[Action item] The line with "稲妻形のフレームによって空間" starts the range, and the last line of the listing ends it. Retype that range exactly, without pictures.

[Given material]
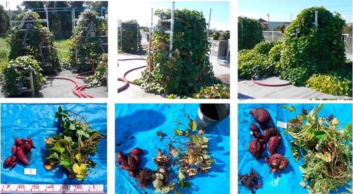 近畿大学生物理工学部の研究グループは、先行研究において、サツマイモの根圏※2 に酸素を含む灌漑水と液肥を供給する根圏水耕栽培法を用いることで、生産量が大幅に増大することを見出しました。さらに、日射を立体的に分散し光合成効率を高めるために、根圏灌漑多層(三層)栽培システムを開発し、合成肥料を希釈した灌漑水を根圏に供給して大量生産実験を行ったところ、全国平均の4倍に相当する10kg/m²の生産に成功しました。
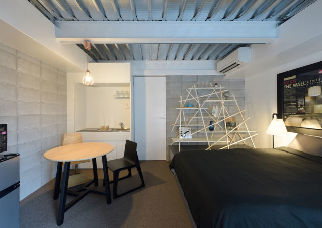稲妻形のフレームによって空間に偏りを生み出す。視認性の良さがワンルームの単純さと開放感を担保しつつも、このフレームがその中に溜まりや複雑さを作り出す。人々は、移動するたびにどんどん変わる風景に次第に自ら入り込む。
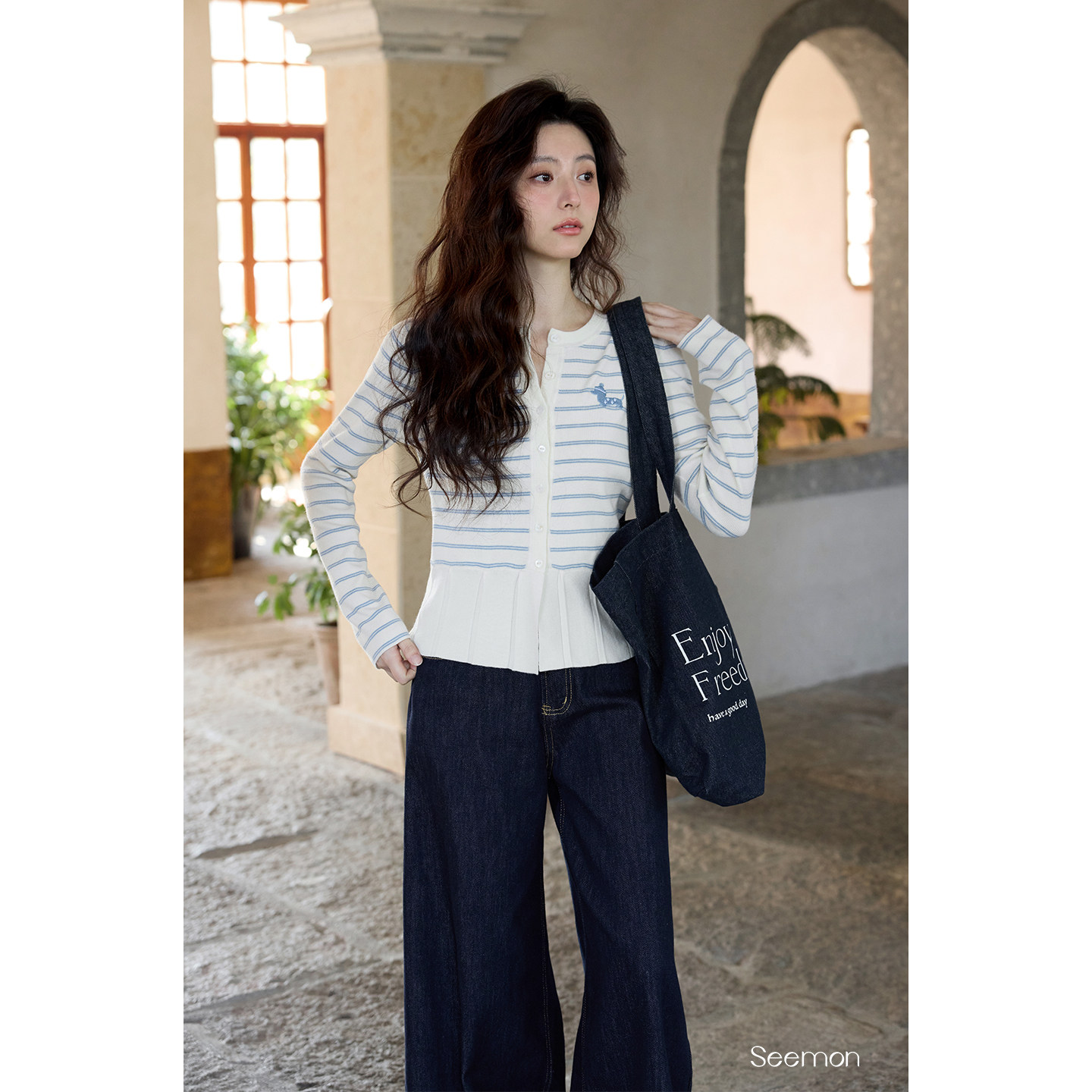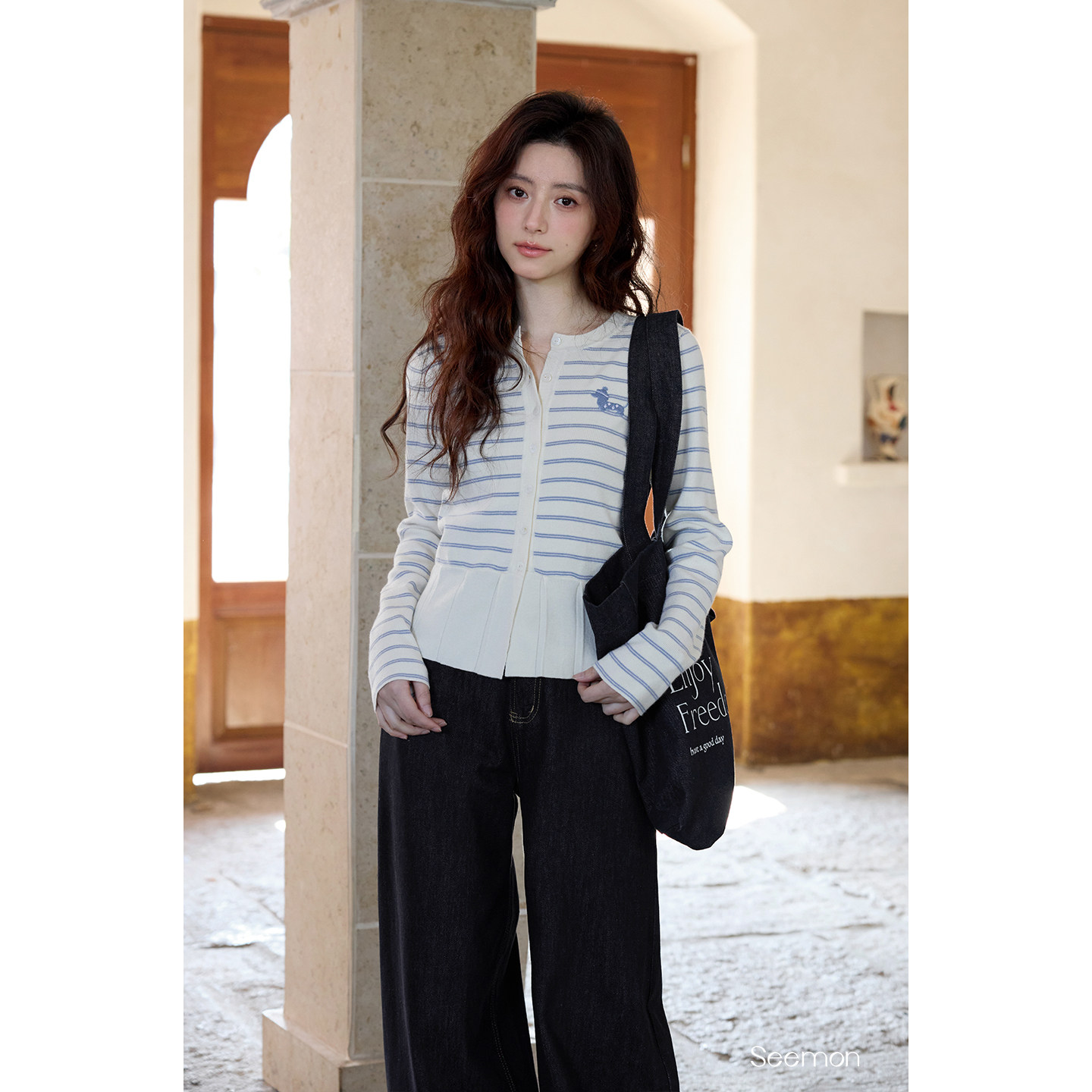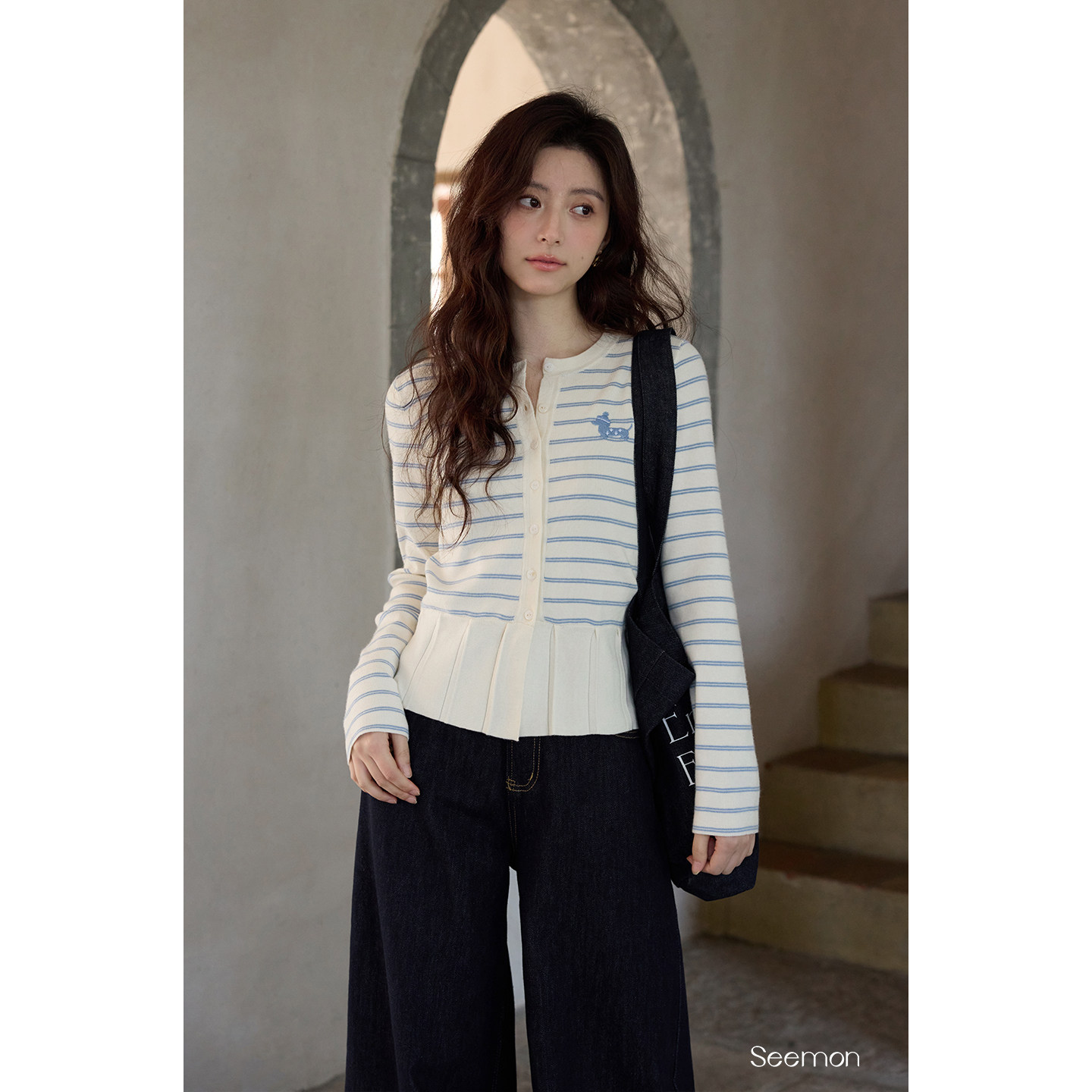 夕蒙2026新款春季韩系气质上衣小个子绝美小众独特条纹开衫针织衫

[Task solution]
稲妻形のフレームによって空間に偏りを生み出す。視認性の良さがワンルームの単純さと開放感を担保しつつも、このフレームがその中に溜まりや複雑さを作り出す。人々は、移動するたびにどんどん変わる風景に次第に自ら入り込む。
 夕蒙2026新款春季韩系气质上衣小个子绝美小众独特条纹开衫针织衫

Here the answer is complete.